» RECORDS SHOWN:
+===+

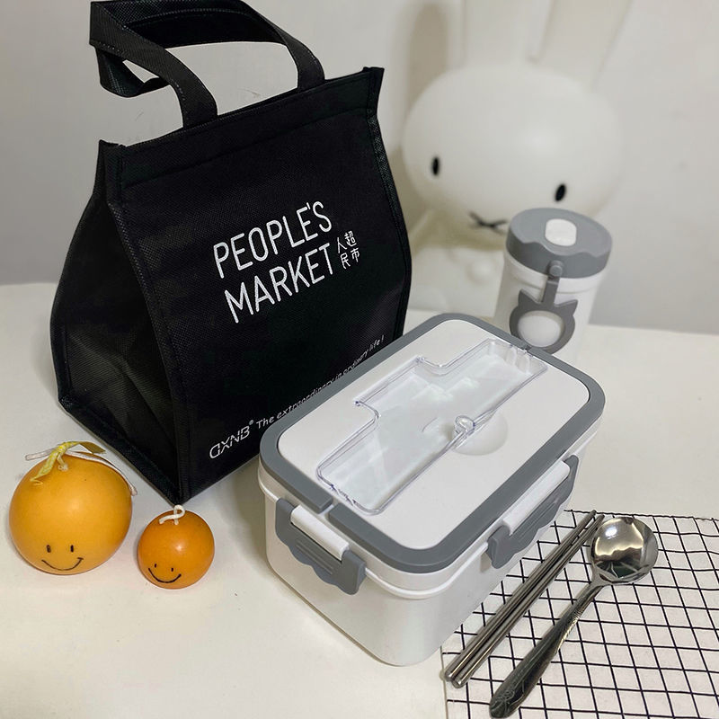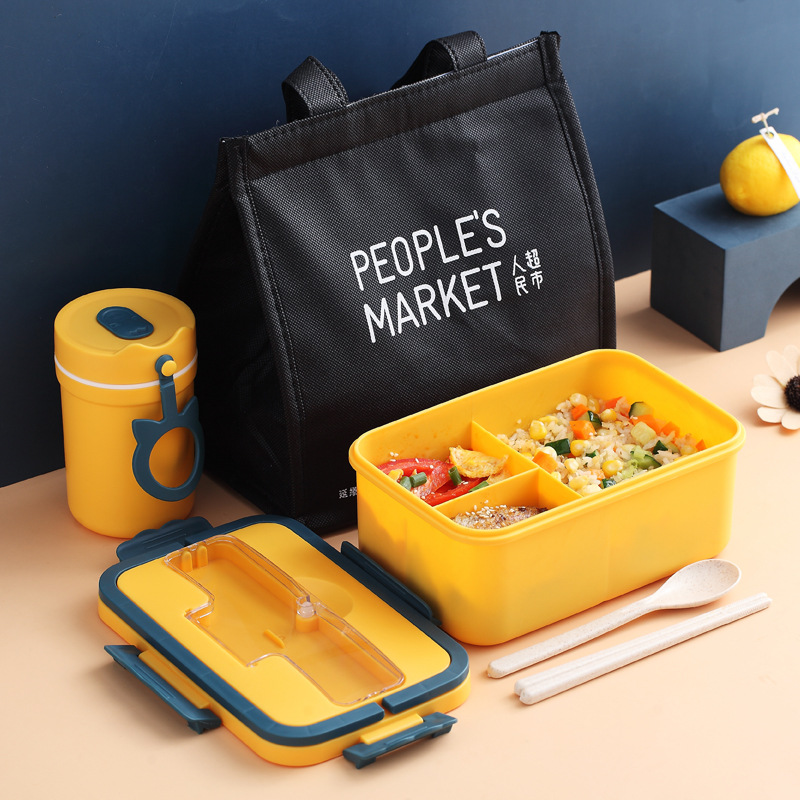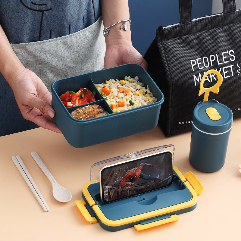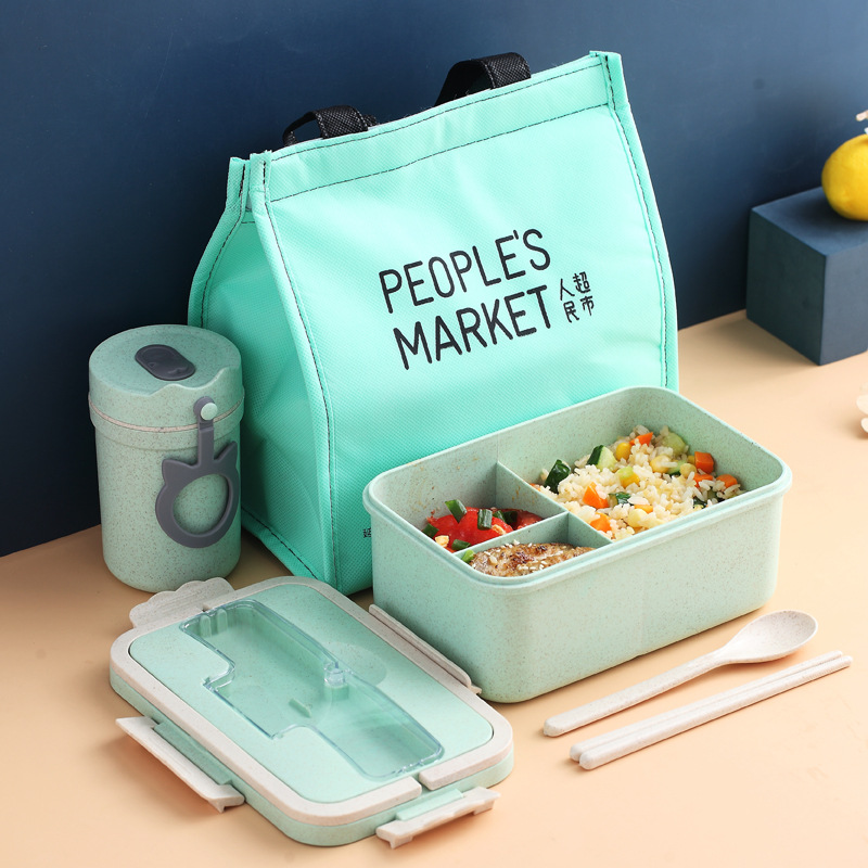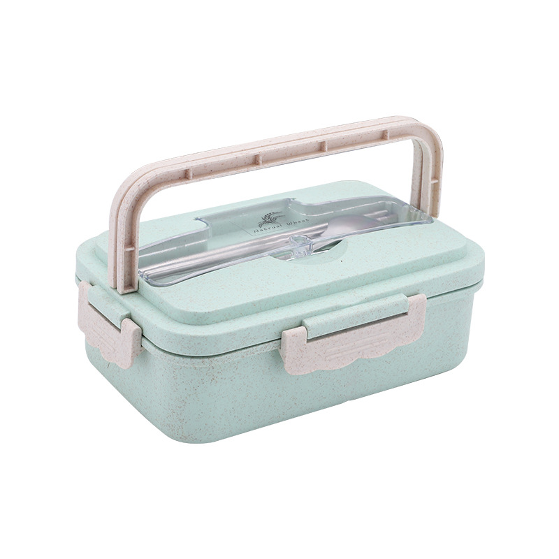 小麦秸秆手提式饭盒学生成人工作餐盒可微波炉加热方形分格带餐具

+===+

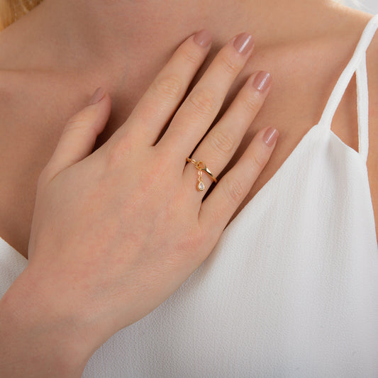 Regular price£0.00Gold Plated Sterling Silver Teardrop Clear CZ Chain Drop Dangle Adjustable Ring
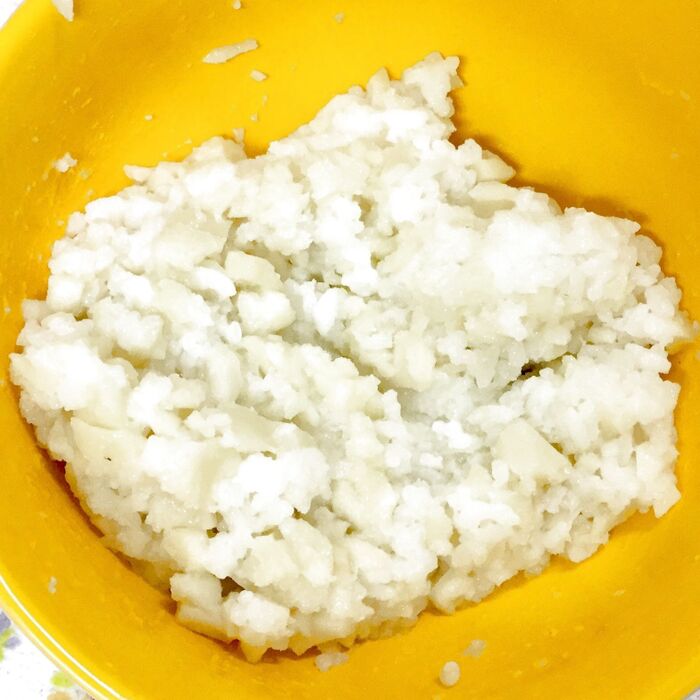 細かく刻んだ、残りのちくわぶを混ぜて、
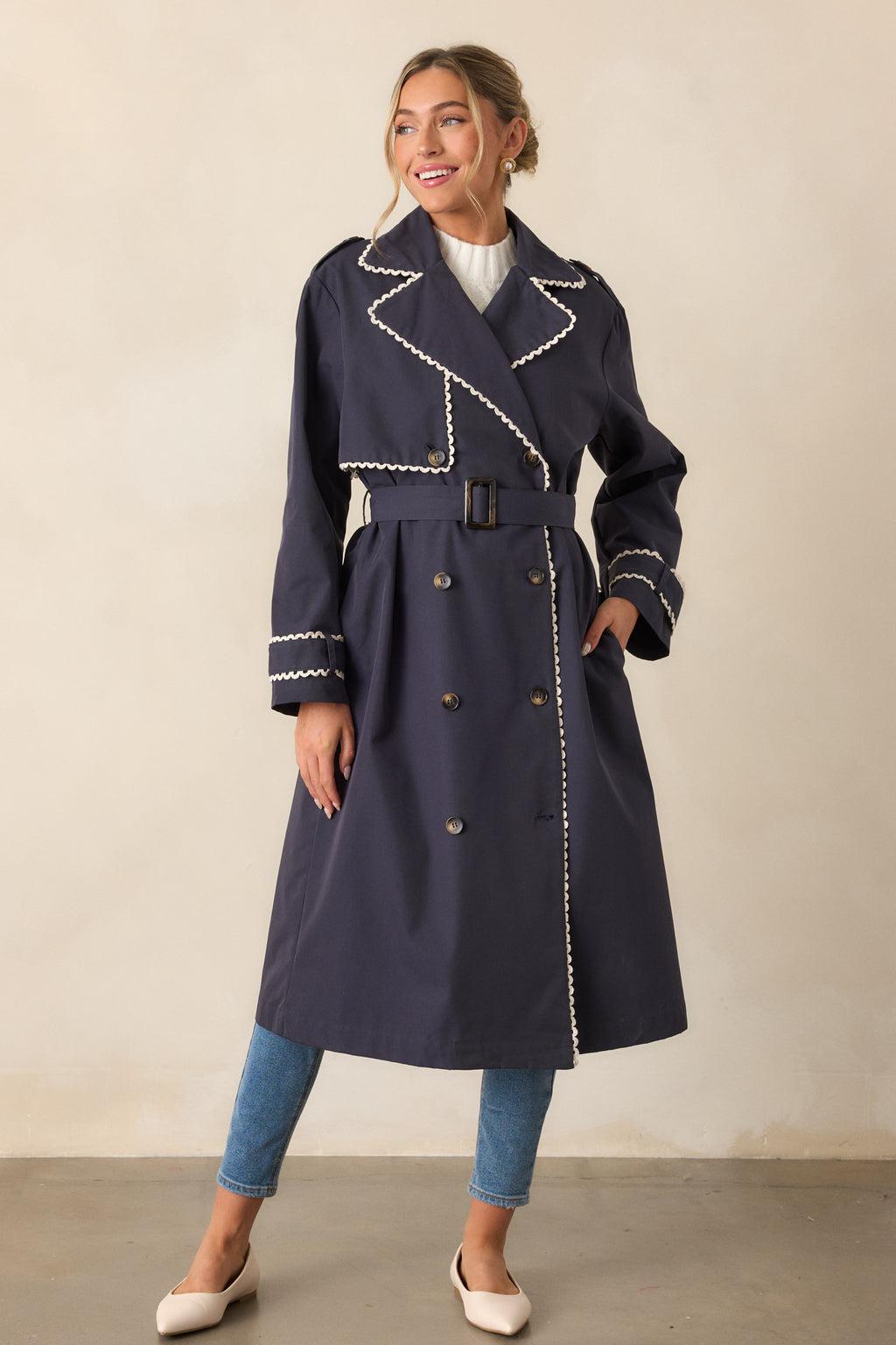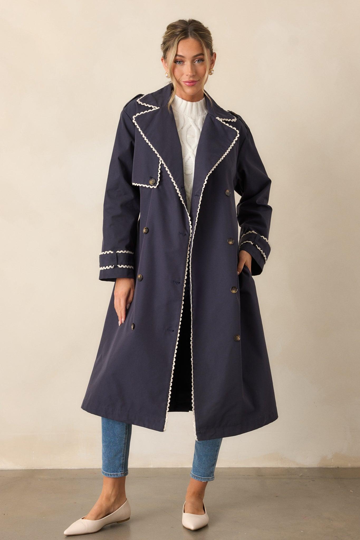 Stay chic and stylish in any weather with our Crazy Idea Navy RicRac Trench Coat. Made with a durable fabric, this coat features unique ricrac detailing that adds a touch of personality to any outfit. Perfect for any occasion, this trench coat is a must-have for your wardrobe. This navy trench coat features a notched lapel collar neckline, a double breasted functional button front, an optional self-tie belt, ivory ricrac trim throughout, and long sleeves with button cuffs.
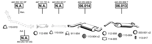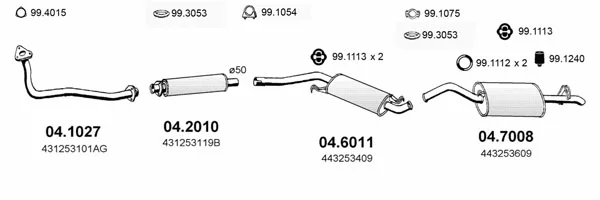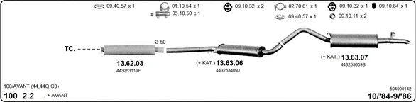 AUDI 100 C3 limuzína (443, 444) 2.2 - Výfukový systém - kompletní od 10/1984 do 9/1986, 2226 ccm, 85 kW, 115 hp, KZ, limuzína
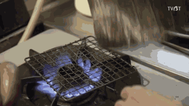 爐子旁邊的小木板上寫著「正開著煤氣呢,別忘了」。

+===+

Take the material above from the line bearing "Regular price£0.00Gold Plated" through the line bearing "爐子旁邊的小木板上寫著「正開著煤氣呢,別忘了」。" and write it out exactly, both end lines included. Pictures stay out.

» RESPONSE:
 Regular price£0.00Gold Plated Sterling Silver Teardrop Clear CZ Chain Drop Dangle Adjustable Ring
 細かく刻んだ、残りのちくわぶを混ぜて、
 Stay chic and stylish in any weather with our Crazy Idea Navy RicRac Trench Coat. Made with a durable fabric, this coat features unique ricrac detailing that adds a touch of personality to any outfit. Perfect for any occasion, this trench coat is a must-have for your wardrobe. This navy trench coat features a notched lapel collar neckline, a double breasted functional button front, an optional self-tie belt, ivory ricrac trim throughout, and long sleeves with button cuffs.
 AUDI 100 C3 limuzína (443, 444) 2.2 - Výfukový systém - kompletní od 10/1984 do 9/1986, 2226 ccm, 85 kW, 115 hp, KZ, limuzína
 爐子旁邊的小木板上寫著「正開著煤氣呢,別忘了」。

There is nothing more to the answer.